She said it would help the pain. I’d only heard
it used for anxiety or sleep, and shouldn’t I be scared
of addiction? But she said it also worked
as a muscle relaxant that might lessen the cramps,
and by this stage I’m more than a little desperate.
Take it before bed, at least the first time. It will make
you very drowsy.
No one warns me about paradoxical reactions.
And that’s how I find myself here, jittery
on the laz-e-boy in the dark of night. It’s not
just that I’m not drowsy: I’m the polar opposite.
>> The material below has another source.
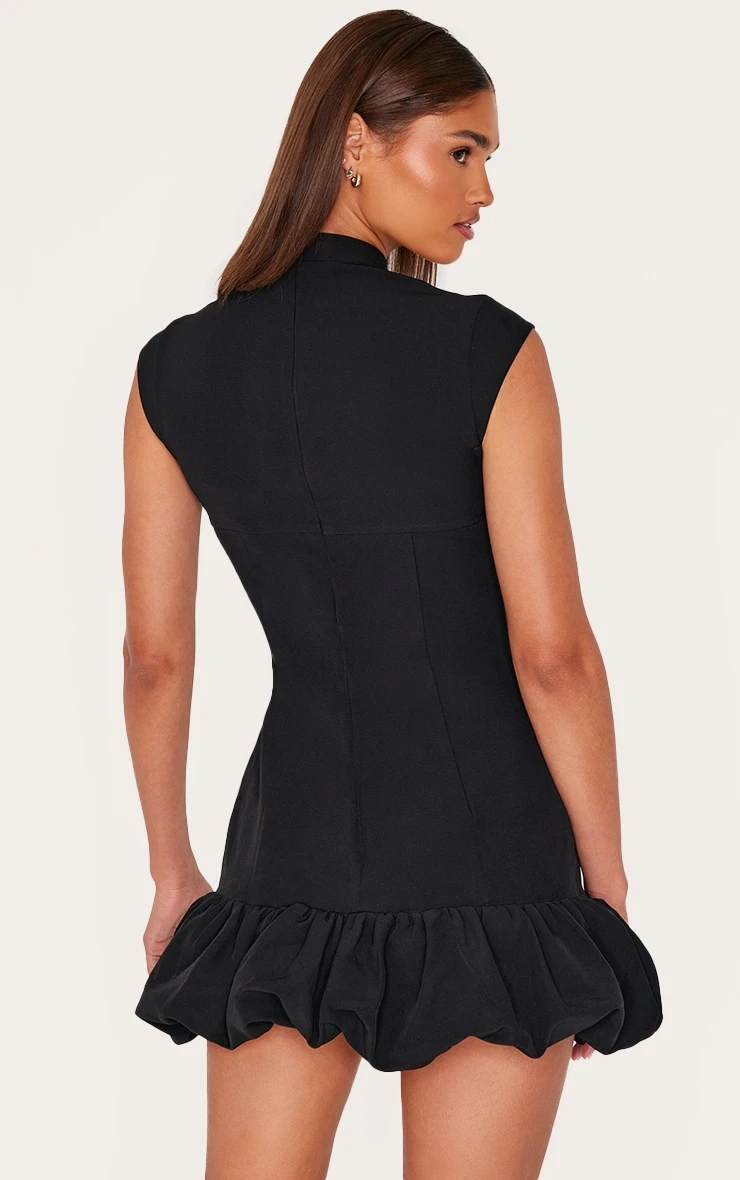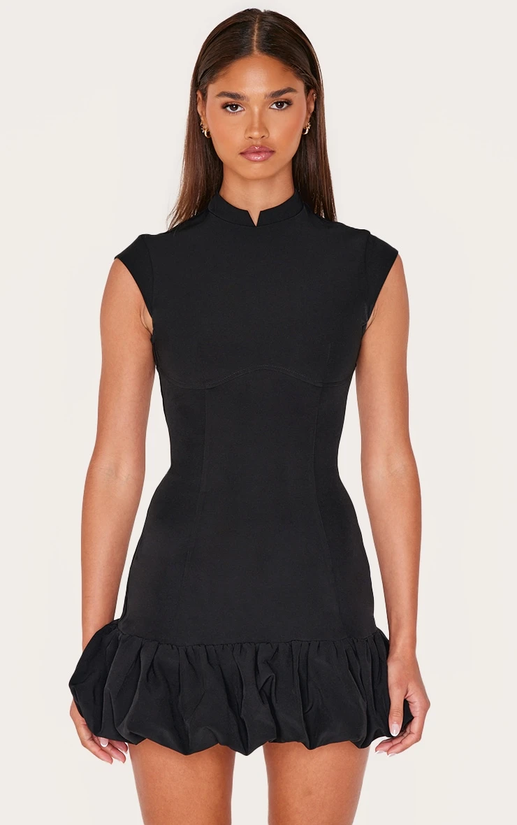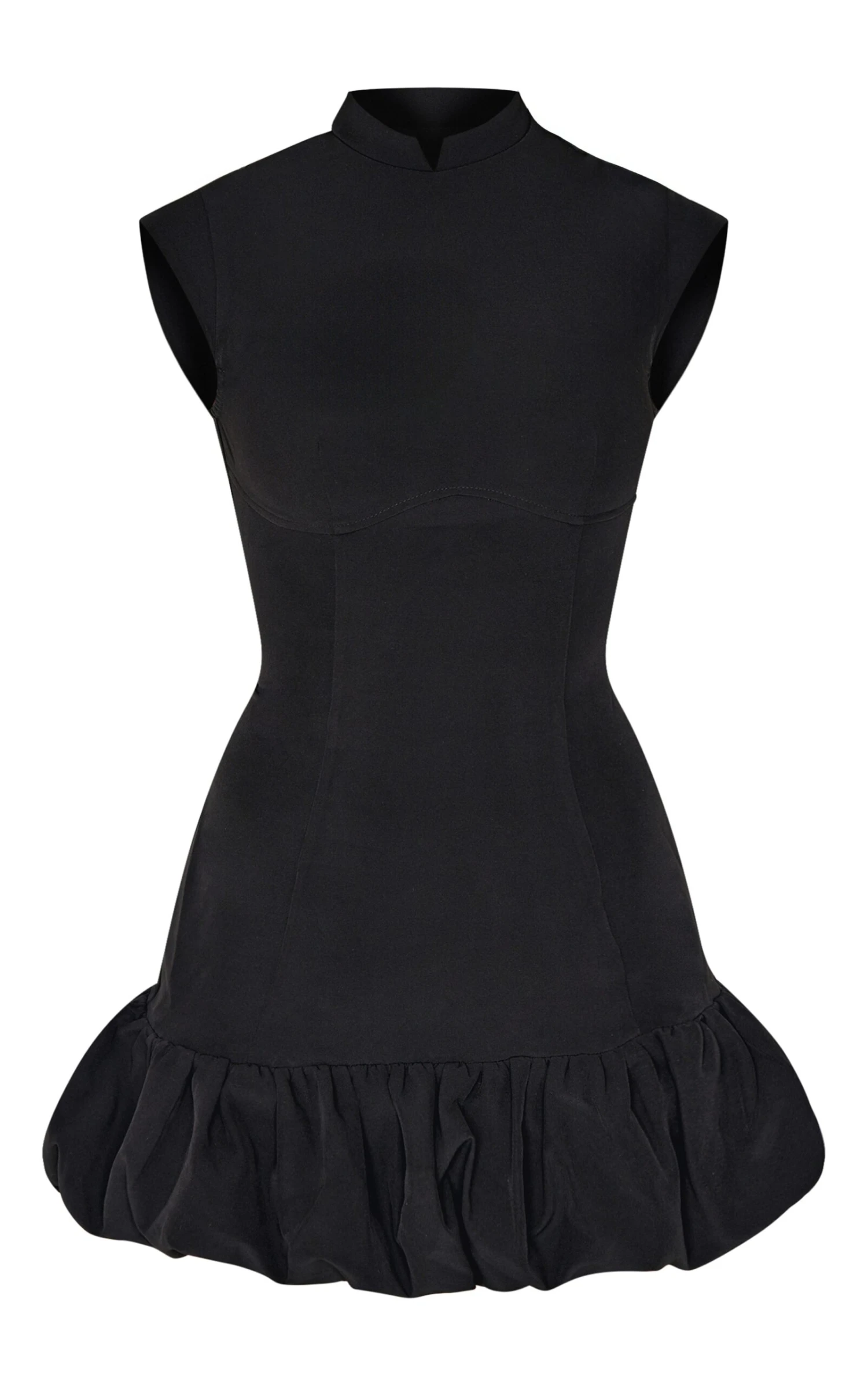 This black dress offers a masterclass in after-dark styling. Note the considered bust seam detailing that draws the eye, balanced by a contemporary puffball silhouette. Crafted in a versatile black, this piece lends itself to myriad interpretations. Consider offsetting the mini hemline with a pair of statement earrings from our jewelry collection for an elevated take on evening elegance.

I’ve never been this awake, this aware, this anxious,
nor even this fidgety (and that’s saying something,
given my yet-to-be-diagnosed ADHD).
I thought benzodiazepines were meant to help
with mental health issues, but tonight I hallucinate
for the first (oh, and please, I beg you, last) time.
Time stretches, and the seven hours of relative darkness
are an eternity during which spiders and elephants
crawl out of the ceiling. The absorbable sutures
that tether me to reality inform me that what I see
cannot possibly be real, but I live out this eternal night
in fear that it just may be.
The haemorrhage between my legs continues,
overflowing onto the cushion beneath,
as the creatures from another plane descend upon me,
never quite reaching their destination, and the floor seems
to tip away to some other plane again that I’d be willing
to visit at this point.
What’s that you’re asking? The pain?
Excruciating still.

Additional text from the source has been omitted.